Monday Book Review: Diamonds & Cole


Diamonds and Cole: A Cole Sage Mystery #1 [Kindle Edition] by Micheal Maxwel

Book Description

September 2, 2013
An emotional pile-driver, that takes you from the windy streets of Chicago to the California heat

Cole Sage, a once brilliant journalist, has just about reached rock bottom. Haunted by the longing for the woman he lost, Cole is jarred to a crossroads when a hostage negotiator is killed in front of him. Later, Cole is stunned to receive a one line cry for help from his one great love. Face to face with his past, and an uncertain future he tries to find her estranged daughter.

The path to keeping his word is blocked at every turn by the husband who abandoned her, his shady real estate deals, violent con men, street thugs and the lure of a fortune in diamonds that unite them.
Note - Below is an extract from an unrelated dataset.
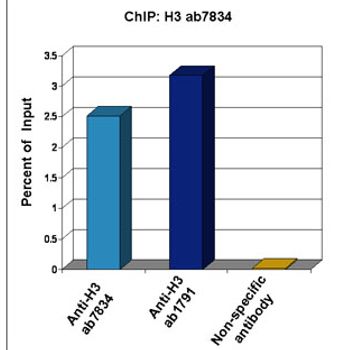 Rabbit Polyclonal H3 antibody. Nucleus marker. Suitable for IHC-P, ChIP, ICC/IF, IP, WB and reacts with Arabidopsis thaliana, Indian muntjac, Mouse, Rat, Human, Saccharomyces cerevisiae, Xenopus laevis, Drosophila melanogaster, Schizosaccharomyces pombe samples. Cited in 4737 publications.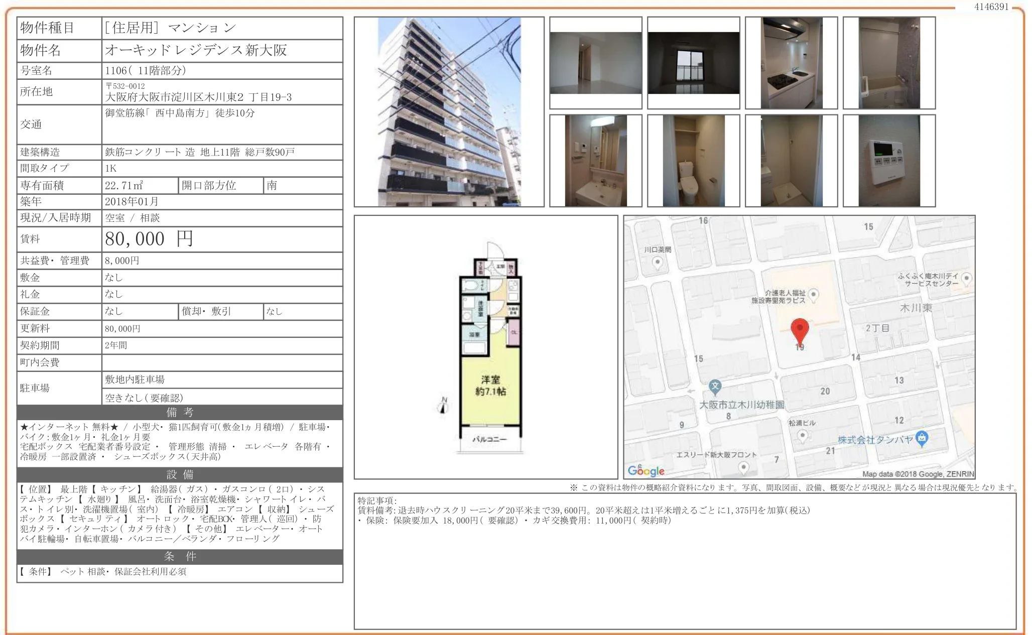 | 物件名 | オーキッドレジデンス新大阪 1106 |

The anger, sorrow, and crippling guilt of twenty years fires Cole’s drive to keep a promise, that in the end, will heal and return the soul to the great journalist.

Beaten, bloody but determined, Cole Sage conquers greed and hatred with a strength that only love and a will as hard as diamond can achieve.

My Take:
The cover art is what immediately caught my attention. Ragged colors, slashed across the cover, brilliant title suggests mystery, romance, a sexy name with hints of intrigue.  Then  started reading. There is so much minute detail of every minute Cole lives, I’m surprised we don’t know what toilet paper he uses. To be that emotionally crippled about an ex or ‘the one that got away’, is too eye-roll worthy to relate here.
The book is just too detailed about minutia that it leaves the reader brain dead. As another reviewer suggested, Maxwel’s book is just too cheesy to endure.  Passages are too long, he wallows in one scene after another, all the men have over-the-top-testosterone, something i’ve long despised in reading fiction. Give them some faults, show they endure pain like everyone else, do they even get tired?
The editor could easily have cut out all the unnecessary exposition scenes, added intrigue, and made the characters more interesting. I could not get past chapter eight. I give two stars. Maxwel can write but I suggest less expostion, descriptive scenes and more action.